Try it:
Unless it is a picture, every line from the start of the entries through the line with "Referenz: 77500052 Ausschnitt Seite: 6/8" must be retyped exactly.

[Stored entries]
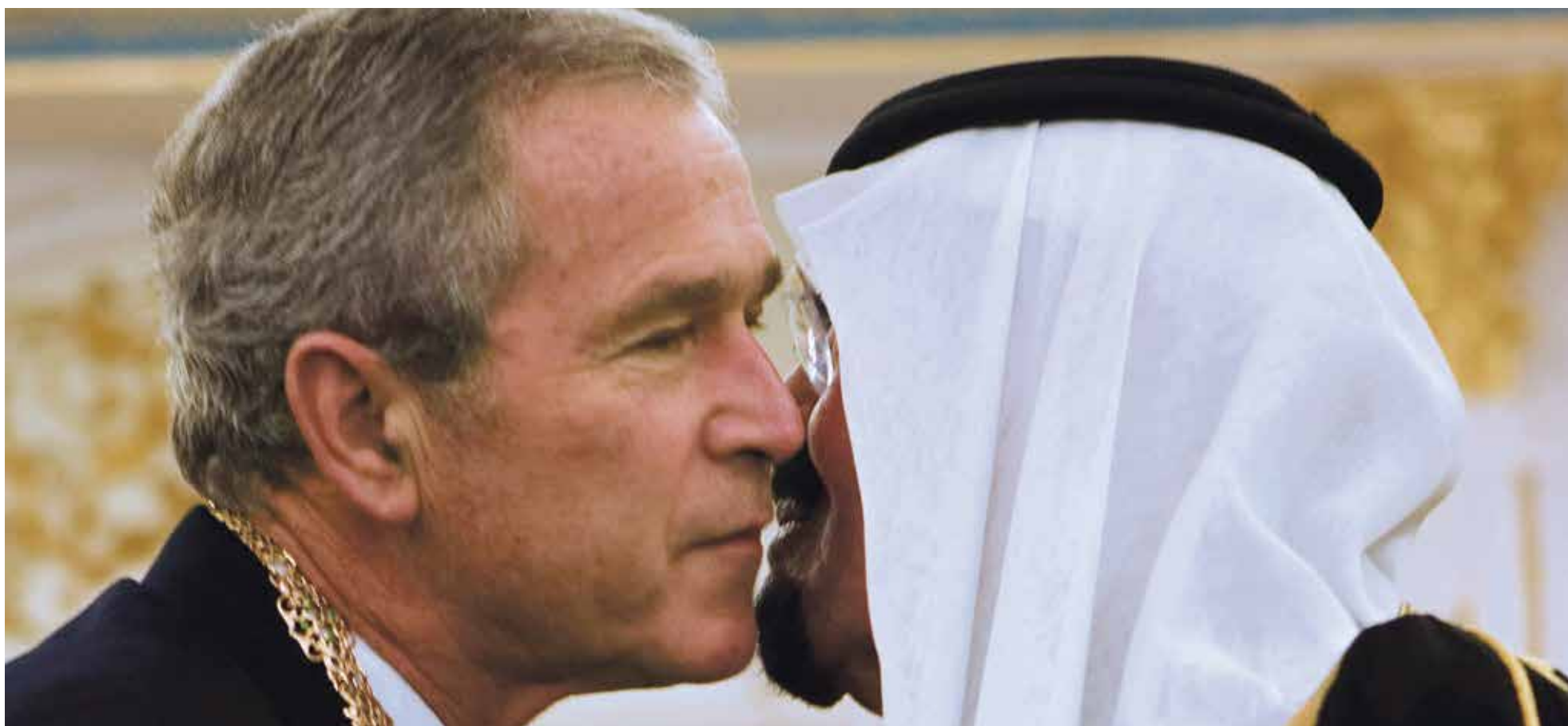
Still uit Shadow World

Het verhaal: In de documentaire Shadow world doen onderzoeksjournalisten, wapenhandelaars, militairen, lobbyisten en andere experts een boekje open over de wereld van de internationale wapenhandel.
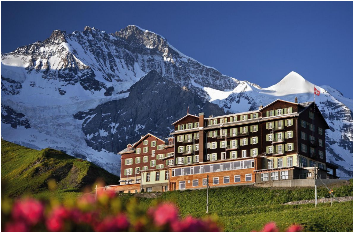
Das Bellevue des Alpes auf der Kleinen Scheidegg war das erste Berghotel an dieser Stelle.

Referenz: 77500052 Ausschnitt Seite: 6/8
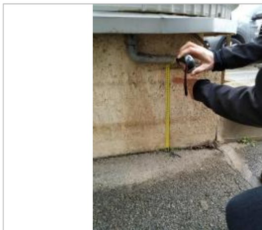
Vue de la laisse - Auteur : DDTM2A

Response:
Still uit Shadow World

Het verhaal: In de documentaire Shadow world doen onderzoeksjournalisten, wapenhandelaars, militairen, lobbyisten en andere experts een boekje open over de wereld van de internationale wapenhandel.
Das Bellevue des Alpes auf der Kleinen Scheidegg war das erste Berghotel an dieser Stelle.

Referenz: 77500052 Ausschnitt Seite: 6/8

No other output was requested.